Natural cost functions for contact point selection in grasping

Paul Schrater
University of Minnesota

When reaching to touch or lift an object, how are contact points visually selected? In this talk I will formulate the issue as a statistical decision theory problem that requires minimizing the expectation over a suitable loss function. However, it is the nature of this loss function that is the heart of the presentation. In the first part of the talk, I will show how contact points for two fingered grasp can be optimally chosen, given a plan for the grasped object’s motion. The basic assumption is that the minimum control framework used to predict hand trajectories should also apply to the control of the grasped object. The cost function on the object’s motion can then be rewritten in terms of finger placement and contact, inducing a cost function on finger contact points. I will present human reaching data that supports this idea. In the second part of the talk, I will present evidence for a decomposition of the natural cost function for reaching into task completion and motor control components.
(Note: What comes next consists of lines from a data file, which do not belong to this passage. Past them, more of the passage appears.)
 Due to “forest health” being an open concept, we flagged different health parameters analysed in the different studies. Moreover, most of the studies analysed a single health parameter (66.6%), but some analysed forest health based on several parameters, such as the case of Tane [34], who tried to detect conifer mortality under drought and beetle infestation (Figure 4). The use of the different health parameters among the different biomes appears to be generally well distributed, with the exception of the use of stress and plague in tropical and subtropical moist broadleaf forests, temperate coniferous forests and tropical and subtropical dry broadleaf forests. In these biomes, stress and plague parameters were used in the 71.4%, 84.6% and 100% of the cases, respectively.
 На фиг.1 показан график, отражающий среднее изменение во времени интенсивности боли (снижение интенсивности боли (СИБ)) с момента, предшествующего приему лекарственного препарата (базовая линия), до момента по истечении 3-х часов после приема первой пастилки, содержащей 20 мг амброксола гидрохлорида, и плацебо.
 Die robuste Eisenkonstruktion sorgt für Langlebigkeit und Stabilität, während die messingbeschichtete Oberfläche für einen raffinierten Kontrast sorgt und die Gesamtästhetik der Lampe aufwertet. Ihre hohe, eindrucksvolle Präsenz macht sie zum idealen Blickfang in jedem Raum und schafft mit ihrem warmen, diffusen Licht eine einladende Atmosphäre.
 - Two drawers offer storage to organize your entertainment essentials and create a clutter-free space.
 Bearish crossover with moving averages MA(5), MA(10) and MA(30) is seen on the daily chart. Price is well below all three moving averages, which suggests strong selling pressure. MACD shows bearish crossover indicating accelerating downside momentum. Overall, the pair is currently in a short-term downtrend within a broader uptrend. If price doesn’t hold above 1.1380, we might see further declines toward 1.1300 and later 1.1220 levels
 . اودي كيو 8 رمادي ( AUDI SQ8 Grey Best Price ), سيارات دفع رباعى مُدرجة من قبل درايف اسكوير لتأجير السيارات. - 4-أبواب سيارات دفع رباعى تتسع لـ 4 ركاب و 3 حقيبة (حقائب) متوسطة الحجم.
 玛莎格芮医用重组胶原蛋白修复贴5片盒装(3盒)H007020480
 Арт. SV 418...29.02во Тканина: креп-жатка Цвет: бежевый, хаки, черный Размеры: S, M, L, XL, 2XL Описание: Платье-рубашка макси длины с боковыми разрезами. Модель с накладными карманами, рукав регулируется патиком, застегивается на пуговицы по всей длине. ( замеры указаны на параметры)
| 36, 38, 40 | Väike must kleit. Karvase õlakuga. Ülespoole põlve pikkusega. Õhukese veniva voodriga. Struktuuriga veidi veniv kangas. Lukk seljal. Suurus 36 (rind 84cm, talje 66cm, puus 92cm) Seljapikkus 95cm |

The issue can be framed as follows: In many reaching tasks there are a set of contact points that are equivalent in terms of task completion cost—touching a line, for example. In generating a path, the ambiguity is broken by motor control cost, which distinguishes the minimum control point of the set (e.g. the closest point on the line). This unique target point could be selected to generate a simple feedback control strategy of minimizing distance to the target. Alternatively, a feedback control strategy could be based directly on a lumped cost function. These two strategies behave differently under a perturbing force field mid-reach: the first corrects the perturbations, while the second “goes with the flow” to contact the new minimum control point within the task completion set. I will present data supports the idea that reaches "go with the flow", adapting to external perturbations. This suggests that the brain visually encodes and adaptively uses the set of viable contact points. Finally, I will discuss why the contact point selection problem is important for understanding the sensory demands made by the motor control system during reaching.